Autopolyploidy in Thymus loscosii

Morales (1986) hypothesized that Thymus loscosii is an autotetraploid. This hypothesis was based on chromosome numbers (as presented in the Introduction), and phylogenetic studies. Furthermore, according to R. Morales (pers. comm.) it may be inferred from its morphology that T. loscosii did not arise from hybridization of the potential diploid parentals, e.g. T. zygis or T. vulgaris.

To verify the hypothesis of an autopolyploid origin, extensive cytological (i.e. karyological meiotic analyses) and inheritance studies (allozyme progeny tests) would be needed. However, cytological analyses are technically extremely difficult in Thymus, due to the very small size of the chromosomes (cf. Morales, 1986), and inheritance studies would also be difficult due to low germination rates.
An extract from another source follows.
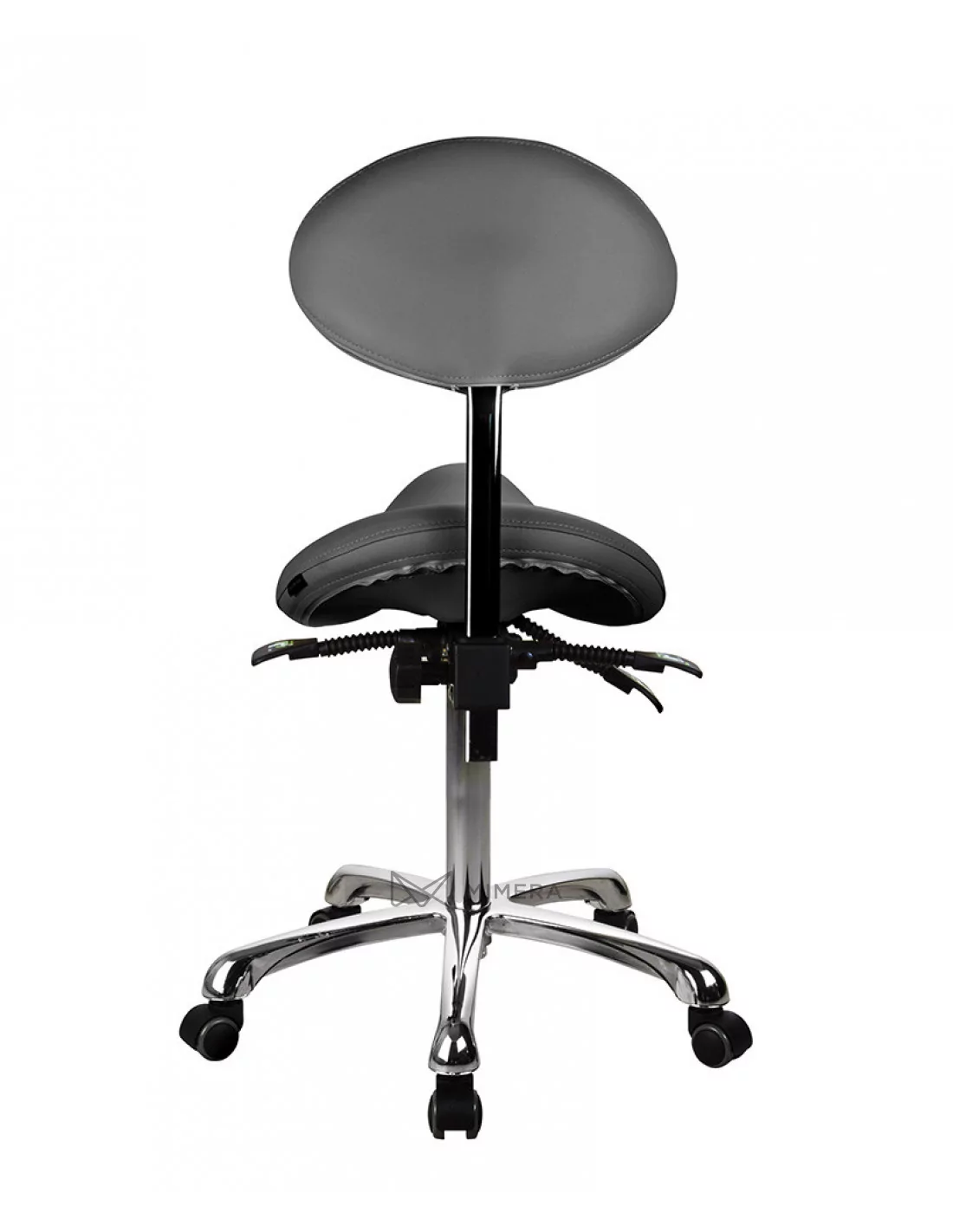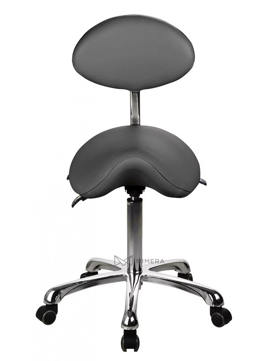 Ein bequemer, ergonomischer Stuhl mit Rückenlehne und profiliertem Sattelsitz sorgt für maximalen Arbeitskomfort. Die Sitzung auf einem Sattelstuhl unterstützt eine aufrechte Haltung, die Muskelverspannungen und Rückenschmerzen reduziert. Die Höhe, Neigung des Sitzes und der Rückenlehne kann kontinuierlich durch drei Handhebeln, die sich unter dem Sitz befinden, geregelt werden. Die hochwertige PU-Polsterung ist leicht zu reinigen und die Chrombasis ist mit fünf Rädern ausgestattet, die Ihnen für Sie die bequeme Arbeitsposition zu finden erleichtert. Der Stuhl hat vielseitige Verwendung an verschiedenen Arbeitsplätzen wie in den Laboratorien, Gesundheits- und Schönheitssalons.

Allozyme data are extremely useful in distinguishing between autopolyploids and allopolyploids (Soltis and Rieseberg, 1986; Crawford, 1989). Tetrasomic inheritance in autotetraploids results in the formation of unbalanced as well as balanced heterozygotes in all possible combinations. In contrast, allotetraploids are expected to display fixed heterozygosity, at least at some loci at which loci on homoeologous chromosomes are fixed for different alleles. For example, when two alleles (a and b) are present at a locus in an autotetraploid, three types of heterozygotes can be produced, one balanced (aabb) and two unbalanced (aaab and abbb), which can be differentiated on zymograms by the intensity of band staining. Such a pattern would only be possible in an allopolyploid if the locus was heterozygous for a and b on both pairs of homoelogous chromosomes.

Allozyme data support the hypothesis that T. loscosii is an autotetraploid. No evidence of fixed heterozygosity was found in T. loscosii. Except for 6Pgd and Pgm‐2, all loci showed both homozygotes and heterozygotes (balanced and unbalanced). The 6Pgd and the Pgm‐2 loci displayed only heterozygous phenotypes, but these were both balanced and unbalanced. Support for autopolyploidy was also given by genetic diversity data, as discussed below.

Levels of diversity in autopolyploids

The high levels of heterozygosity found in autotetraploids may also be a consequence of tetrasomic inheritance (Soltis and Soltis, 2000), because this mode of inheritance would reduce the effects of population bottlenecks and genetic drift. The literature provides us with several examples of higher levels of heterozygosity in autotetraploid plants than in their diploid counterparts: Tolmiea menziesii Torr. & Gray (Ho = 0·237 in tetraploid populations and Ho = 0·070 in diploid ones; Soltis and Soltis, 1989), Heuchera micrantha Dougl. (Ho = 0·150 in tetraploid and Ho = 0·075 in diploid; Ness et al., 1989), Heuchera grossulariifolia Rydb. (Ho = 0·159 in tetraploid and Ho = 0·058 in diploid; Wolf et al., 1990), Dactylis glomerata L. (Ho = 0·43 in tetraploid and Ho = 0·17 in diploid; Soltis and Soltis, 1993), Rutidosis leptorrhinchoides F. Muell. (Ho = 0·34 in tetraploid and Ho = 0·22 in diploid; Brown and Young, 2000), Vaccinium oxycoccos L. (Ho = 0·213 in tetraploid and Ho = 0·067 in diploid; Mahy et al., 2000) and Centaurea jacea L. (Ho = 0·54 in tetraploid and Ho = 0·29 in diploid; Hardy and Vekemans, 2001), among others. Judging from allozyme banding patterns, no population in the examined material of T. loscosii appeared to be diploid. Accordingly, only its levels of heterozygosity (Ho = 0·472) can be compared, although cautiously, with the closely related diploid species T. vulgaris (Ho = 0·295; Tarayre and Thompson, 1997).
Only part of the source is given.